Throughout the pandemic, cases have dropped in the summer months and increased when the weather gets colder and people spend more time indoors, and we should expect that trend to continue in 2022.

“In Australia, for example, coming out of their winter season in the southern hemisphere,” said chief medial health officer Dr. Saqib Shahab.

“With no public health measures, they've seen all the respiratory viruses come back, so influenza, other coughs and colds, COVID.”

Hodgson and Shahab say vaccination remains the most effective way to limit severe infection from the virus.

“I think in Saskatchewan right now about 82 per cent of the eligible population are vaccinated with two doses,” said Hodgson.

“We know that the primary purpose of the vaccine was not necessarily to stop infection but stop hospitalization, which we see the outcome of that now. Definitely the hospitals are less inundated with patients.”

Amanda Slogotski and Clarissa Thomas both went to receive their second booster dose at the walk-in clinic at Merlis Belsher Place on Wednesday, one of the six walk-in clinics in Saskatoon.

“I haven't tested positive for COVID yet and I've always gotten my boosters right when they're available. So trying to hold that luck I guess, and I'm going to Chicago in a month And it seems like a smart idea,” said Thomas.

“I just want to get my immunity up before the school season starts and I know there's more COVID going around lately, so just want to make sure I'm protected,” said Slogotski.

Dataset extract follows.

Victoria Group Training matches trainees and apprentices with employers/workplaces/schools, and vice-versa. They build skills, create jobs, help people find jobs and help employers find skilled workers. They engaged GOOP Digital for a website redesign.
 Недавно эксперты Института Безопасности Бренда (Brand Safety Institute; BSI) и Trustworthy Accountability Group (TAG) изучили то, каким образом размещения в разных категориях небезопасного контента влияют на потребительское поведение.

Shahab says fewer than 50 per cent of people in the province have received their first booster dose. He is encouraging those who haven’t to get it as soon as possible.

For those considering a second dose, Shahab says it can likely wait until the fall when bivalent vaccines are expected to be available.

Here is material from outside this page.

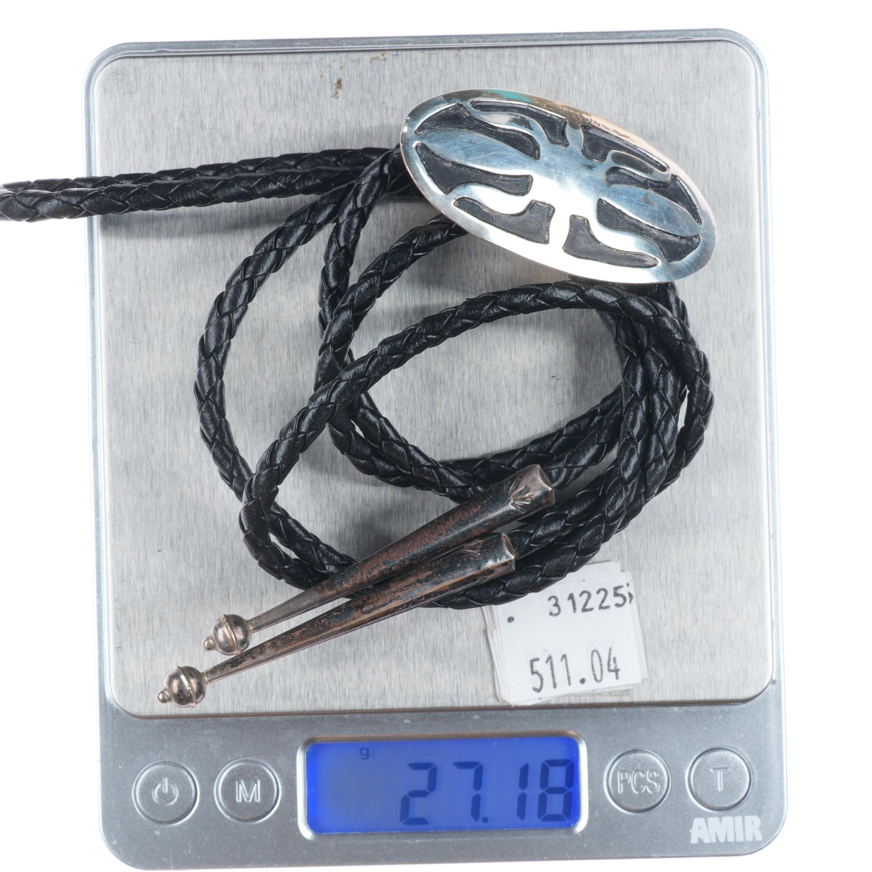 Vintage Navajo sterling silver ketoh design overlay style bolo tie

“Some of the companies like Pfizer-BioNTech are actually making bivalent vaccines where they have two antigens,” said Hodgson.

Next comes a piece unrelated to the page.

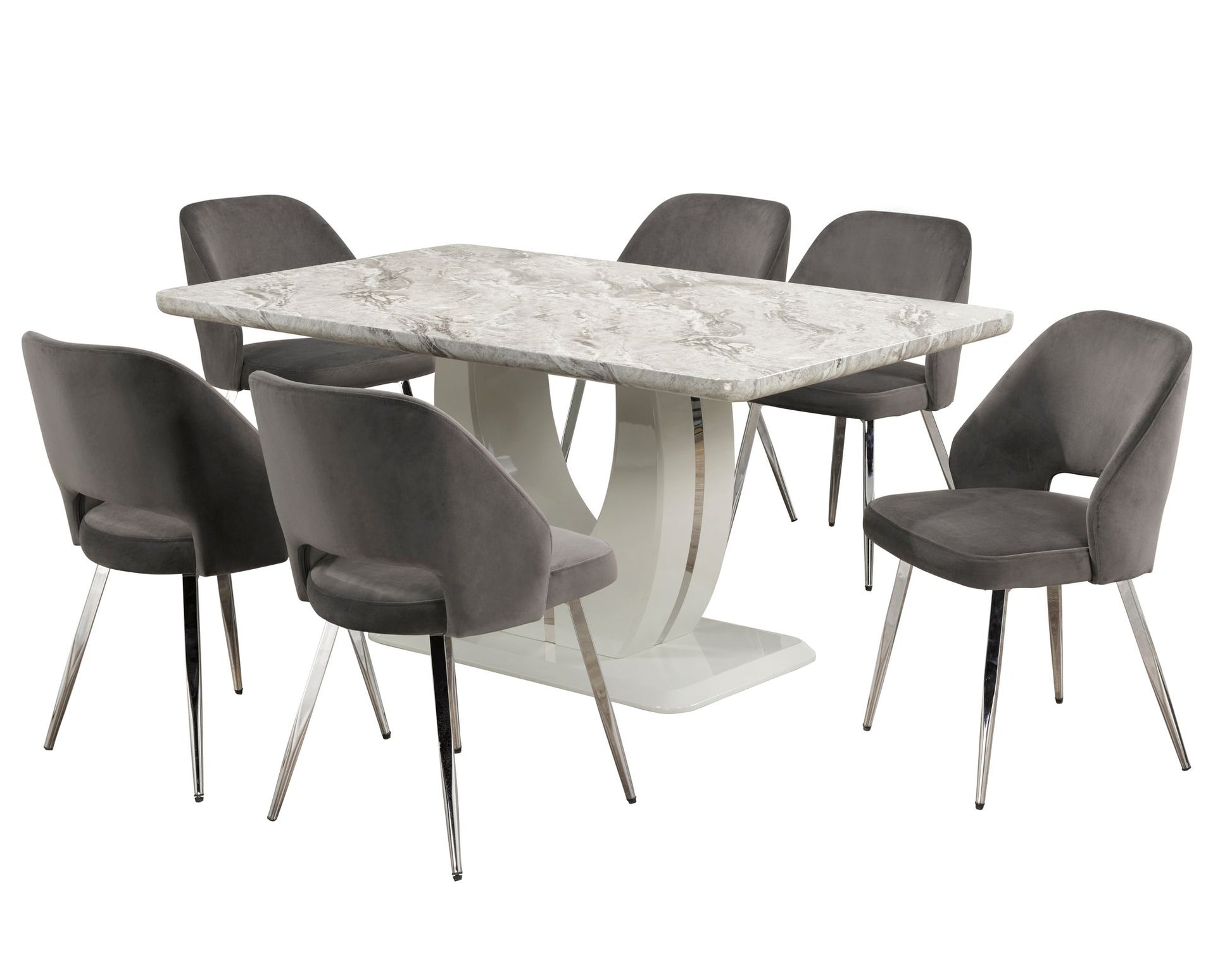 Améliorez l'esthétique de votre salle à manger avec l'ensemble de salle à manger Santana de style contemporain qui comprend une table magnifiquement conçue ainsi que quatre chaises d'inspiration industrielle. Avec un plateau en marbre de papier gris sous-tonifié, la table rectangulaire met l'accent sur une apparence élégante avec une base innovante en forme de U flanquant une doublure en métal au milieu pour un contraste radieux. Les chaises sont dotées d'un bord arrondi et d'un support de dossier drapé dans une housse en tissu de qualité supérieure avec un espace de siège rembourré confortable dans une palette de couleurs gris cendré. Les pieds coniques sont chromés à la perfection, assurant la durabilité. L'ensemble de salle à manger Santana est garanti pour transformer votre salle à manger tout en induisant une expérience culinaire agréable avec vos proches.

“One from the ancestral strain and one for some of the new variants, in an effort to make them more effective."

Hodgson says new COVID-19 vaccine rollouts will likely occur in the future.

“The general murmurings around through the physicians, public health and scientists is that the vaccine doesn't seem to cause sterilizing immunity,” he said.

“We're not eliminating the viral infection from the vaccines we've had, we're eliminating the hospitalizations. So by that nature, and the continued variants of concern that keep rolling out, I would suggest that's probably what we're looking at.”

Thomas says she’s prepared to receive those vaccinations.

“We've collectively kind of come to the realization that we've got to live with [COVID-19], and getting a booster is important,” she said.

“Making sure your kids are vaccinated is important when they go back to school."

“I just want to make sure that I'm doing everything that I can to stay safe for my kids,” said Slogotski.